Associate Professor

Juan D. Alfonzo

B.S., Indiana University- Bloomington, IN
Ph.D., Indiana University- Bloomington, IN
Post-doctoral Research, University of California, Los Angeles

The Alfonzo Lab

Editing & Modification of tRNA: Roles in Mitochondrial Biogenesis and Disease.

We are interested in RNA processing events that are unique to trypanosomes and could be exploited as targets for the design of therapies against protozoan diseases. To date, the Protozoa are responsible for the infection and death of millions of people worldwide. I am especially interested in two facets of RNA processing in trypanosomes: tRNA editing and tRNA modification.

The Mechanism of tRNA Editing

RNA editing involves any process by which the information content of a given transcript (mRNA, tRNA, etc.) is changed so that it will differ from that encoded in the genome. RNA editing occurs by a variety of chemically distinct post-transcriptional mechanisms including nucleotide insertion, deletions, base deaminations, and nucleotide exchange (to name a few) and plays an important role in the regulation of gene expression. In trypanosomes, I discovered that the nucleus-encoded tRNATrp undergoes an essential cytosine to uridine editing of the wobble position of the anticodon upon importation into the mitochondrion. Most notable, the deamination of cytosine to uridine at the anticodon allows the decoding of UGA codons as tryptophan. We are interested in the mechanism of tRNA editing and plan to use a genetic and biochemical approach to achieve a complete structure/function analysis of this process in trypanosomes

The Modifications of tRNA and Contribution to Mitochondrial Function

The functional importance of RNA modifications is evident from the large number of phylogenetically conserved modifications that occur in various cellular RNAs. Little is known about the role and extent of RNA modifications in early divergent eukaryotes. In addition, there are increasing numbers of reports linking tRNA modifications with mitochondrial diseases. I plan to use trypanosomes as a model system to study the role that specific tRNA modifications play in mitochondrial function. These studies will be the basis for examining the role site-specific tRNA modifications plays in mitochondrial function. The long-term goal is to utilize the exquisite specificity of these editing and modification enzymes for the long-term applications in gene therapy in humans.
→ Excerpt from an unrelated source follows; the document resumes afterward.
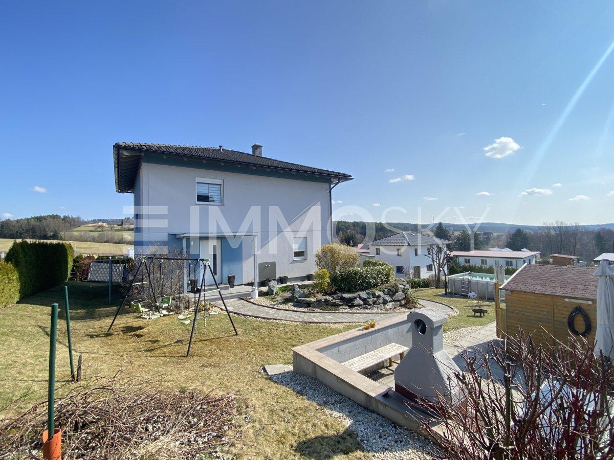 Dieses äußerst gepflegte Niedrigenergiehaus wurde im Jahr 2010 durch die Fa. Elk in Holzriegel-Bauweise errichtet. Es besticht durch eine helle, freundliche Atmosphäre und eine optimale Raumaufteilung. Das insgesamt 1000 m² große Grundstück bietet einen fertig angelegten Garten mit einer Holzhütte und einem Grillplatz. Die Wohnfläche von ca. 154 m² teilt sich wie folgt auf: Erdgeschoss Großzügige, offene Wohnküche mit Ausgang auf die Terrasse Garderobe WC Abstellraum Obergeschoss 4 Schlafzimmer (eines mit begehbarem Schrank) Badezimmer mit Wanne und Dampfdusche WC extra Darüber hinaus steht ein ca. 70 m² großer Keller mit Partyraum, Garage und Bad mit Dusche und WC zur Verfügung. Zusätzlich zur Beheizung mittels Luftwärmepumpe (kühlt im Sommer) kann ein Schwedenofen im Wohnbereich betrieben werden. Die hochwertige Einbauküche sowie die Sanitär-Einrichtungen verbleiben im Haus, ansonsten wird die Liegenschaft unmöbliert übergeben. Verfügbar ab sofort! Fordern Sie gleich weiterführende Informationen zu diesem Objekt an oder vereinbaren Sie Ihren persönlichen Besichtigungstermin! Ich freue mich auf Ihre Nachricht oder Ihren Anruf unter 0664/827 98 13! Mag. Andreas Gross Immosky Graz Schulen: Direkt in Wiesfleck befinden sich ein Kindergarten und eine Volksschule. Weiterführende Schulen (MS, Gymnasien, HTL) sind in den unmittelbaren Nachbarortschaften Oberschützen bzw. Pinkafeld vorhanden und in wenigen Minuten mit dem Schulbus erreichbar. Einkaufsmöglichkeiten: Im Ort versorgt ein Nah & Frisch - Geschäft die Bewohner mit Güter des täglichen Bedarfes. Gleich daneben befindet sich ein Gasthaus. Beides sind fußläufig leicht erreichbar. Öffentlicher Verkehr: Bushaltestellen binden den Ort an das öffentliche Verkehrsnetz an.

In general, the emphasis of my laboratory will focus on the translation of RNA structure into RNA function in a biological system. Specifically, I hope to dissect the pathways involved in tRNA maturation, including editing and modification, to address issues involving molecular recognition. I firmly believe this research will not only uncover useful knowledge of basic cellular processes, but also provides the added incentive of great overall implications towards applications in medicine.